Dolalas vs. Ombusdman
Dolalas was a judge. He was charged with dishonesty, gross neglect of duty and an unnecessary delay in the
administration of justice before the office of the ombudsman. These are administrative cases. The ombudsman justifies
taking cognizance of the case because according to the ombudsman, dishonesty, gross neglect of duty and an
unnecessary delay in the administration of justice is in relation to her failure to dispose a criminal case for alarms and
scandals for 5 years. This is a violation of anti-graft and corrupt practices act. This is a criminal case and not an
administrative matter. SC said notwithstanding the case, we have to go back to the rules of court. Thereby you have to
determine administrative liability of a judge before you can go on trying the criminal case of anti-graft and corrupt
practices. The proper way to do it is to refer the case first to the SC before the ombudsman can file the criminal case.
De Vera vs. Pelayo
The issue here is whether or not the ombudsman has the jurisdiction to entertain criminal charges filed against a judge
of RTC in connection to his handling of cases before the court. The criminal cases were violation of article 204 and 205 of
RPC knowingly rendering unjust judgment. The ombudsman cannot take cognizance of the case. Before criminal case for
violation of 204 against the judge can be entertained there must first be a final and authoritative judicial declaration that
the decision of the judge was indeed unjust. The SC has the power to review the order or decision rendered by the
judge. The proper way is to refer it first to the SC.
Fuentes vs. Ombudsman
Judge Fuentes of Davao city is facing criminal charges for violation of anti graft and corrupt practices before the
ombudsman in relation to his issuance of writ if execution against the DPWH. Suability is different from liability. Here
DPWH is supposed to pay just compensation to the litigants there was a judgment but PWH failed to pay immediately so
they asked for the writ. Judge Fuentes issued the write of execution against DPWH attaching the bulldozers, etc.

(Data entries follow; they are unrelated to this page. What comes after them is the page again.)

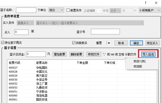 你也 可以 点击 右上角 功能, 再点击 自选股(篮子)买入 , 如下图,再 点 导入自选,就可以导入自选里的股票。这种方式优点是可以单独指定每个股票的买入数量等。
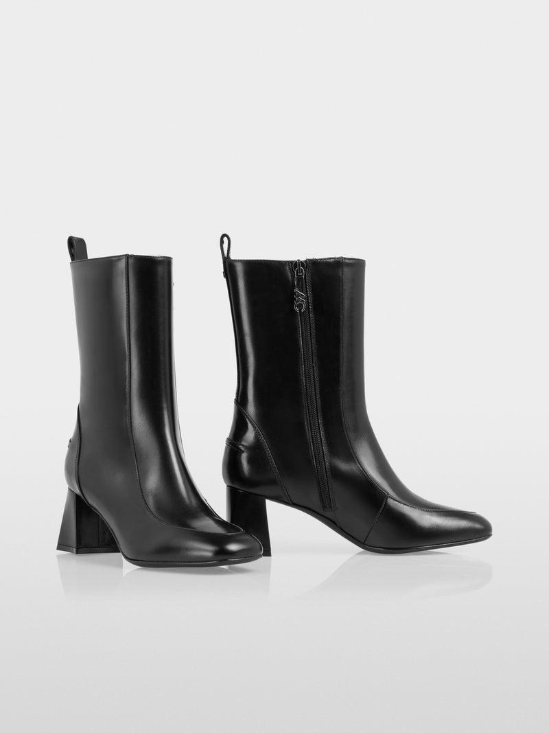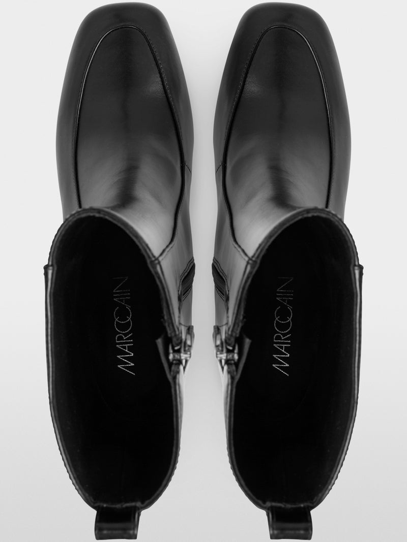 Seventies-inspired bootie made from calfskin. Characterized by the square toe and trapezoid block heel. The heel is reinforced and accentuated with decorative stitching. The bootie fastens with a full-length zip on the inside. These booties are produced responsibly and bears the "Rethink Together" sustainability label.
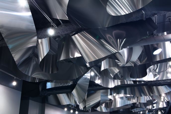 The ceiling, which is made out of recycled aluminium, is a large sculpture featuring curves and bends to represent the ebb and flow of water. Moreover, the fluid shape of the metal allows for ever-changing light, much like the reflection of light on shimmering water.
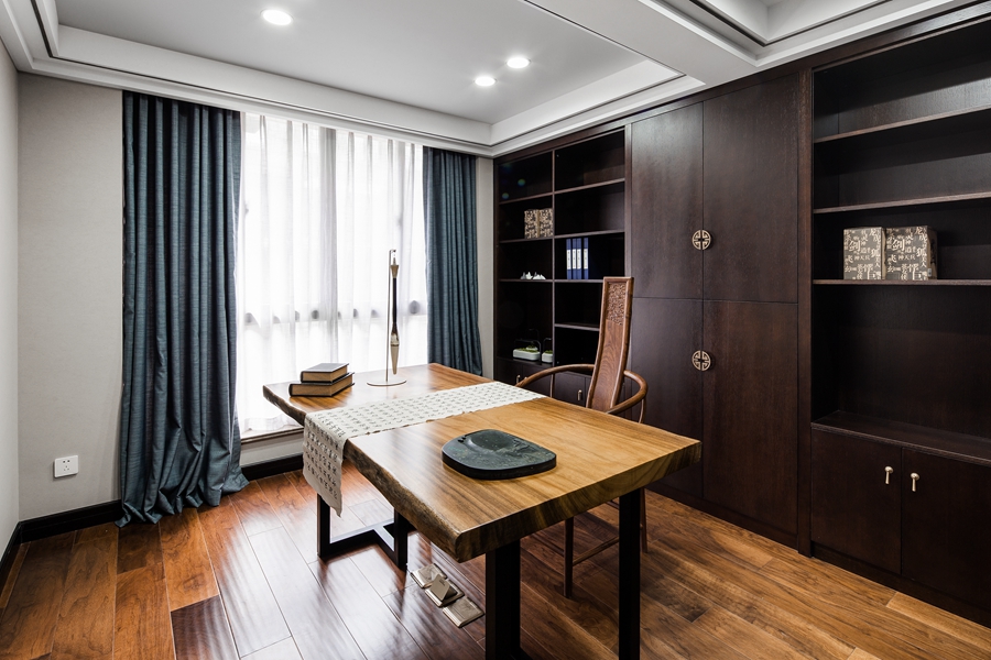 的搭配皆为营造一个能隔绝室外的喧嚣,让人收起浮躁内心的休息处,套间内的书房则是屋主挥毫列锦绣,落纸如云烟

forgetting the doctrine of state immunity. The SC said because this was in relation to the discharge of his function as a
judge it must still be referred first to the SC.
Caoibes vs. Ombudsman
Two judges in the same hall of justice. Magkaaway sila, nagkita sila sa hall, nagsumbagay na sila. The SC said that it
happened within the premises of the court so it is still with the SC.
Garcia vs. Miro
Garcia is a MCTC judge. He was involved in a vehicular accident. The case filed was reckless imprudence. The complaint
was a crime for murder and was changed to reckless imprudence. It was not committed in relation to his function as a
judge. In this case he is treated as an ordinary citizen. It will be within the jurisdiction of the ombudsman and the
sandiganbayan.
CSC vs. Andal
Andal here was a security guard. It was found out later on that when he took the civil service examination there was
another person who took it for him. He was charged administratively by the civil service commission because he took
the exam of the civil service commission. The SC has authority of the administrative case. The civil service commission
has no jurisdiction and it would tantamount to an encroachment of the administrative supervision power of the SC.